Langstaff J. goes on to hold that the Tribunal's findings on points (2) and (3) were unassailable.

  1. Mr. Bourne's proposed amendment is to add a contention that:

"Even if the tribunal came to a permissible conclusion on the facts, that is not sufficient in law to found a case that the Respondent had caused or created that environment where the complaint was one of inaction."

In other words, it is based on step (2) in the reasoning in Conteh.

  1. Ms. Smith's opposition to the grant of permission to amend was based principally on the well-known line of authorities which makes clear that this Tribunal should only very rarely allow a point to be taken on appeal which was not taken before the employment tribunal – see, most authoritatively, Jones v Governors of Burdett Coutts School [1997] ICR 38 – though she also complained of the lateness of the application and contended that Conteh gave no assistance in the present case in any event. Mr. Bourne accepted that if his amendment did indeed raise a point not argued before the Tribunal he could not advance any basis for, exceptionally, permitting the Council to raise it on appeal. But he denied that that was the case. He referred us to para. 8 of his written closing submissions in the Tribunal, which reads:

"For his claim under section 3A, the claimant must show that the respondent, or someone for whose acts the respondent is liable, engaged in unwanted conduct which had the purpose or effect of violating his dignity or of creating an intimidating, hostile, degrading, humiliating or offensive environment for him. There is no dispute in this case that there were numerous occasions when the claimant made it clear to the perpetrator that such conduct was unwelcome."

  1. We cannot accept that the point which Mr. Bourne now seeks to raise was argued before the Tribunal – unsurprisingly, since it is clearly prompted by the judgment in Conteh, which had not then been decided. Para. 8 of his closing submissions is making a quite different point.
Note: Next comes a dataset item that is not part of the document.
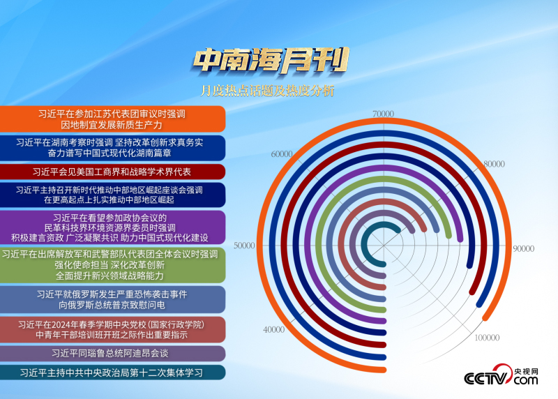 央視網(wǎng)“智聞”系統(tǒng)提取分析2024年3月全網(wǎng)時政新聞熱點顯示,“習(xí)近平總書記在湖南考察”“新時代推動中部地區(qū)崛起座談會”等相關(guān)話題備受關(guān)注。

There is no sign whatever Mr. Bourne submitted that the Council could not "create" a hostile environment by inaction – or, more accurately, that it could only do so in the limited circumstances identified by Langstaff J. On the contrary, it is clear from the written submissions of both counsel below, and from the Tribunal's Reasons, that the case was argued on the basis that the essential issue was simply whether the Council had done enough to protect the Claimant: see para. 7 above.
  1. It may indeed be that, as Ms. Smith acknowledged, there is a tension between the EOC decision and the judgment of this Tribunal in Conteh. But it follows from the foregoing that this is not the case in which that tension can be examined. Even apart from Mr. Bourne's concession, we would not have regarded it as right to allow him to rely on Conteh for the first time by way of appeal. Although the case itself had not been decided, a point about whether inaction could "create" a hostile environment could have been taken before the Tribunal if the Claimant had wished. If Mr. Bourne's point were to be taken now and were to be held to be right in principle it would be necessary for the case to be remitted to the Tribunal for further findings addressing the question whether the present case fell into the special category identified by Langstaff J. where inaction could contribute to the creation of a hostile environment.
**CONCLUSION**
  1. We accordingly dismiss the appeal.